| INSTRUCTIONS FOR THE TASK |
Only one span of the listing below should come back. It runs from the line with "MORE FOR Foodbar" through the line with "długa dresowa sukienka ze stójką – purpurowa", and each of its lines must be reproduced exactly.

| RECORD EXCERPTS |
::::::
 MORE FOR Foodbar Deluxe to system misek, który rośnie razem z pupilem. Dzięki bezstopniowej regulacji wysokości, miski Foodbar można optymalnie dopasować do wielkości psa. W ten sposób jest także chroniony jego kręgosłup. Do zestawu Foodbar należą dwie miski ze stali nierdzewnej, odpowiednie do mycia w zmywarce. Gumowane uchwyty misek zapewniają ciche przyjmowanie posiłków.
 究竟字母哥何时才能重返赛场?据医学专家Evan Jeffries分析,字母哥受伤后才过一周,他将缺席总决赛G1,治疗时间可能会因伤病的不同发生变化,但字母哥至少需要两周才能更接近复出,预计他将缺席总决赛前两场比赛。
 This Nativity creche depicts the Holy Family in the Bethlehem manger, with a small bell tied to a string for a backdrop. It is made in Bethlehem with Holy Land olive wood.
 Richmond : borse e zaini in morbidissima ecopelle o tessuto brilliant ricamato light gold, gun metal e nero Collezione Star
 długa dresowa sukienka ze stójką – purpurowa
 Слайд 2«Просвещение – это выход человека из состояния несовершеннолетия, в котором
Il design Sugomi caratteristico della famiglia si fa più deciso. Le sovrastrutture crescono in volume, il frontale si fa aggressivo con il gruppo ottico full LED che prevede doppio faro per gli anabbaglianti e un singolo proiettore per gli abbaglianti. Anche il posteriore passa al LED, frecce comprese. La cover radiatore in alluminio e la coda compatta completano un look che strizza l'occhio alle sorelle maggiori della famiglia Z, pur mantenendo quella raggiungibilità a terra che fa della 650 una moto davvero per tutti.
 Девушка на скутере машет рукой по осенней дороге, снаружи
::::::
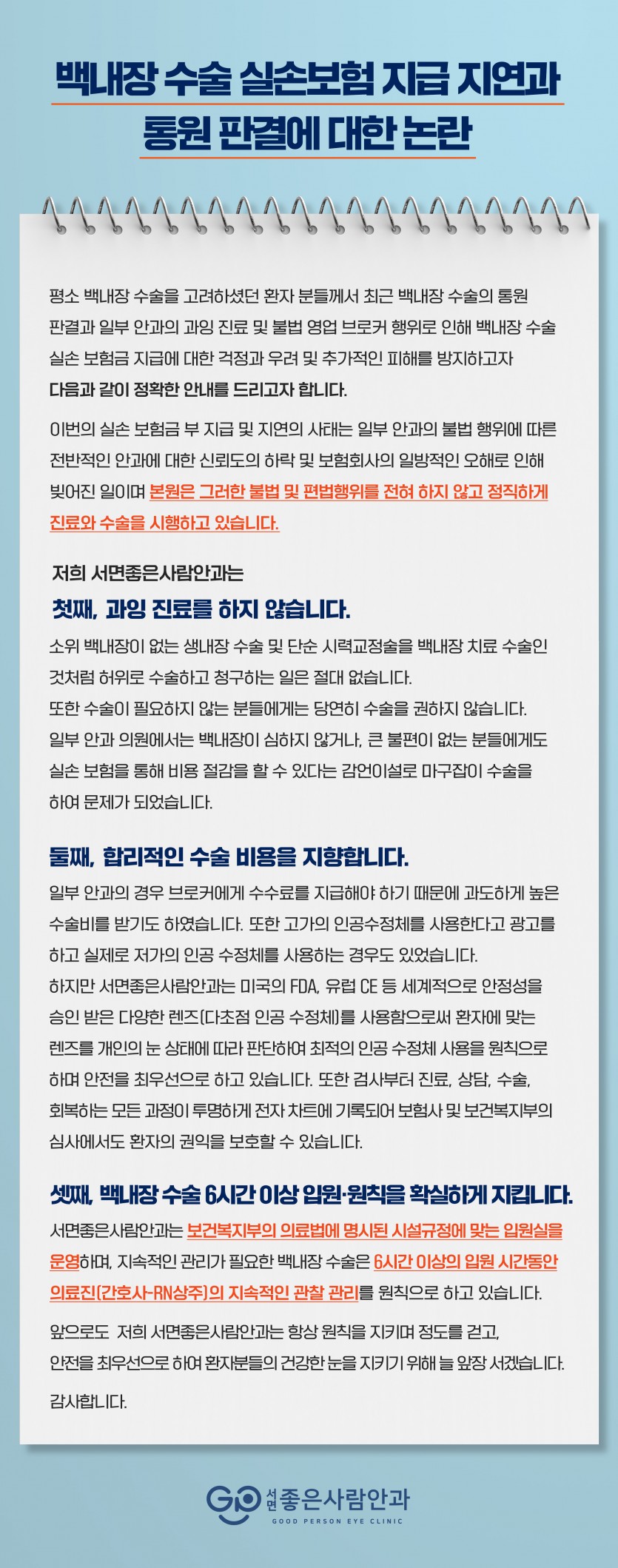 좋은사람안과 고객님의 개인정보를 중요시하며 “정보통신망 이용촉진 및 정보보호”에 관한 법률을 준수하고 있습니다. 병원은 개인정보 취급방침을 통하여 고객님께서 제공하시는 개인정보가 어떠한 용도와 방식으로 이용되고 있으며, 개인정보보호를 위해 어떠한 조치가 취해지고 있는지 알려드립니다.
::::::
| COMPLETED EXERCISE |
 MORE FOR Foodbar Deluxe to system misek, który rośnie razem z pupilem. Dzięki bezstopniowej regulacji wysokości, miski Foodbar można optymalnie dopasować do wielkości psa. W ten sposób jest także chroniony jego kręgosłup. Do zestawu Foodbar należą dwie miski ze stali nierdzewnej, odpowiednie do mycia w zmywarce. Gumowane uchwyty misek zapewniają ciche przyjmowanie posiłków.
 究竟字母哥何时才能重返赛场?据医学专家Evan Jeffries分析,字母哥受伤后才过一周,他将缺席总决赛G1,治疗时间可能会因伤病的不同发生变化,但字母哥至少需要两周才能更接近复出,预计他将缺席总决赛前两场比赛。
 This Nativity creche depicts the Holy Family in the Bethlehem manger, with a small bell tied to a string for a backdrop. It is made in Bethlehem with Holy Land olive wood.
 Richmond : borse e zaini in morbidissima ecopelle o tessuto brilliant ricamato light gold, gun metal e nero Collezione Star
 długa dresowa sukienka ze stójką – purpurowa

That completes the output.